# Routed Sign



## Julie (Sep 11, 2004)

I made this sign for my husband's birthday.
I couldn't have done it without Terry (Visteonguy)'s help.
He made and sent me a large clear (plexi?) base for my little router.
The sign was designed and printed off the computer, then drawn on the wood using carbon paper. 
The background was then routed out freehand, leaving the letters standing proud.

~Julie~


----------



## bobj3 (Jan 17, 2006)

Nice job Julie

I like the screw driver, you don't see them on signs the norm...

=======


----------



## Rolf Maxa (Feb 8, 2005)

Nice work Julie, I'm sure your husband loved it.


----------



## curiousgeorge (Nov 6, 2006)

Nice Julie. Hubby should be proud of you and the sigh.


----------



## Check twice! (Feb 11, 2008)

A great job Julie, you should be standing as proud as the letters on the sign. 

John


----------



## Dr.Zook (Sep 10, 2004)

Beautiful work Julie.

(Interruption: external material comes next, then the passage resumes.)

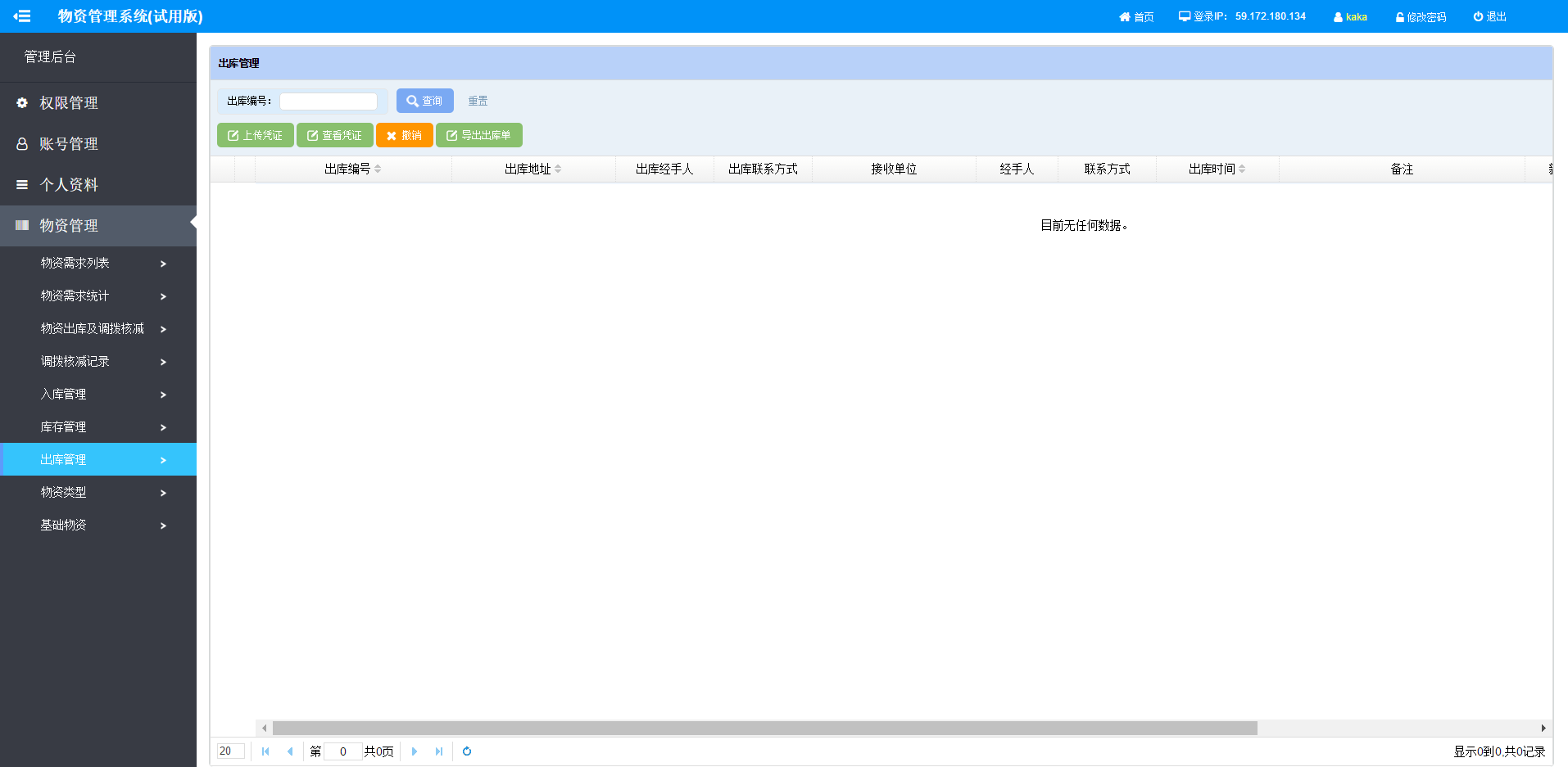 根据使用医院、社区、企事业单位的物资需求内容和物资的库存量系统,通过算法自动匹配物资出库和调配数量,实现一键出库功能并将出库记录记录在系统中。

Outstanding job. I like the way you have highlighted the tools. Lucky Eric.


----------



## Mike (Nov 22, 2004)

Julie, the world would be a better place if everyones projects turned out as nice as yours do. Well done!


----------



## harrysin (Jan 15, 2007)

That's one terrific sign Julie, it's given me the urge to have a go at a second one.


----------



## Glenmore (Sep 10, 2004)

Julie nice sign. Really neat how you got the wrench and screw driver in it.


----------



## Bob N (Oct 12, 2004)

Can you make the next one say "Bob's" instead of "Eric's" 

Hey.... FANTASTIC job on it Julie!


----------



## BrianS (Nov 7, 2004)

Julie, that is really nice work. And carbon paper? Great idea, didn't think that stuff was still available. 

Brian


----------



## BlackBelt (Jul 4, 2008)

Great job, Julie! I like your choice of color/finishes also!


----------